### What is needed
An exact transcript is required of the lines below, from the one containing "In [Address:], enter" through the very last; leave every picture out of it.

### Data provided
┌──
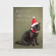 Denna söta katt som tittar på kameran medan han visar upp sin tomtehatt och matchande halsband på en grön bakgrund är ett bra sätt att önsk någon en God Jul från katten med en liten stänk av humor!
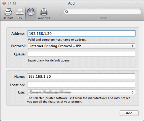 In [Address:], enter the IP address for the machine. In [Queue:], enter "ipp".
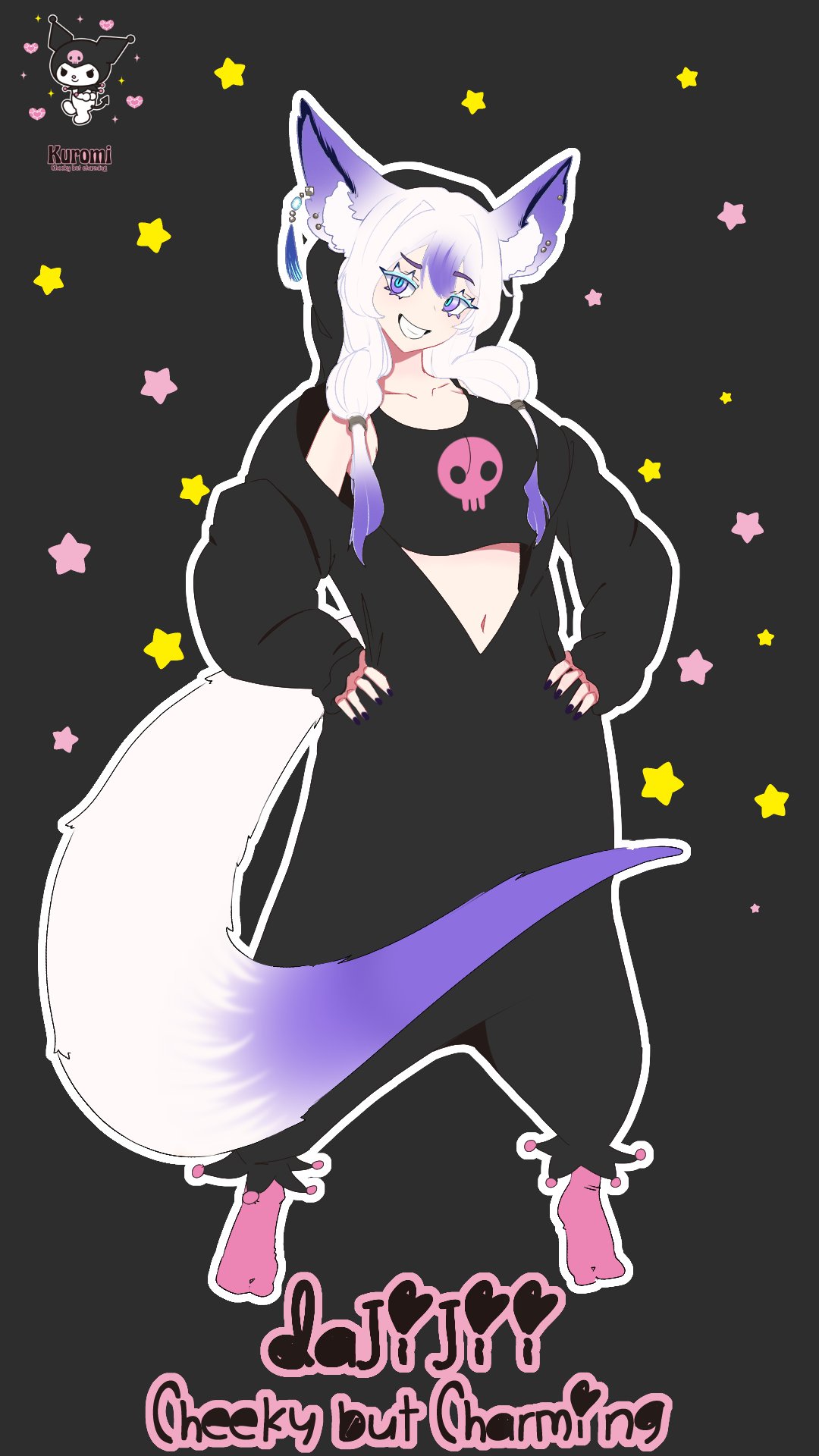 20252girlsbellyblack backgroundcollarboneenglish textfox girlkuromi (cosplay)multiple girlspink socksskull printsockssolostanding
└──
### Result of the task
 In [Address:], enter the IP address for the machine. In [Queue:], enter "ipp".
 20252girlsbellyblack backgroundcollarboneenglish textfox girlkuromi (cosplay)multiple girlspink socksskull printsockssolostanding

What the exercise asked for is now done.